Von Furstenberg is the President of the Council of Fashion Designers in America and has jumped to crisis management director for a faltering fashion industry. Taking on the role of New York fashion's mother hen, von Furstenberg was pivotal in the planning of this year's fashion week. At the CFDA meeting held in New York in July, she announced, "In the middle of a tsunami, we can't change everything. But I would like to make New York Fashion Week the most dynamic in the world." And why not? In New York City fashion is the largest industry after finance, with over 800 fashion companies and 175,000 employees generating $10 billion in total wages. Why shouldn't New York's Fashion Week be the most dynamic in the world? And with the way things are going, New York City designers and retailers could use all the help they can get. As IMG senior vice president and fashion week organizer, Fern Mallis, said, "It's up to the fashion industry to put its best foot forward and create things that will make everybody go, 'God damn, I have to buy that.'"

As CFDA President von Furstenberg was co-organizer of Anna Wintour's brainchild "Fashion's Night Out," an odd sort of consumer lovefest dotted by Oscar de la Renta serenading Barbara Walters and Jonathan Adler at a potter's wheel. "Fashion's Night Out" articulated the industry's shared mania to encourage consumers back into stores in the midst of the worst U.S. recession in 70 years. Over 60 designers will debut spring 2010 collections at this fall's semi-annual fashion week and all of them will grapple with the question of how to get consumers back into stores, which have seen sales fall every month for the past year.

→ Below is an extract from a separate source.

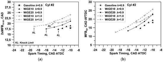 Combustion duration (2xMFB10-50) (a) and combustion center (MFB50) (b) against spark timing and relative air-to-fuel ratio for WiGE 10 and WiGE 20.

Diane von Furstenberg's approach to this dilemma was to provide an aesthetic oasis in a desert of warehouse sales. Von Furstenberg who made fashion history with her iconic wrap dress in the 1970's and has since continued to pioneer her wearable, bold-faced designs, is no stranger to spring collections. But this year the message was clear, let the modern woman embrace her inner wanderlust; emotional, sartorial or geographic. Let her find her oasis in a fiscal desert. Escapism grounded in the now. On the DVF website the collection's tagline reads, "wherever she goes, she belongs" and the invitation to the show is a palmtree-ed postcard, post-stamped "Oasis, DVF" with 2009 stamped in roman numerals.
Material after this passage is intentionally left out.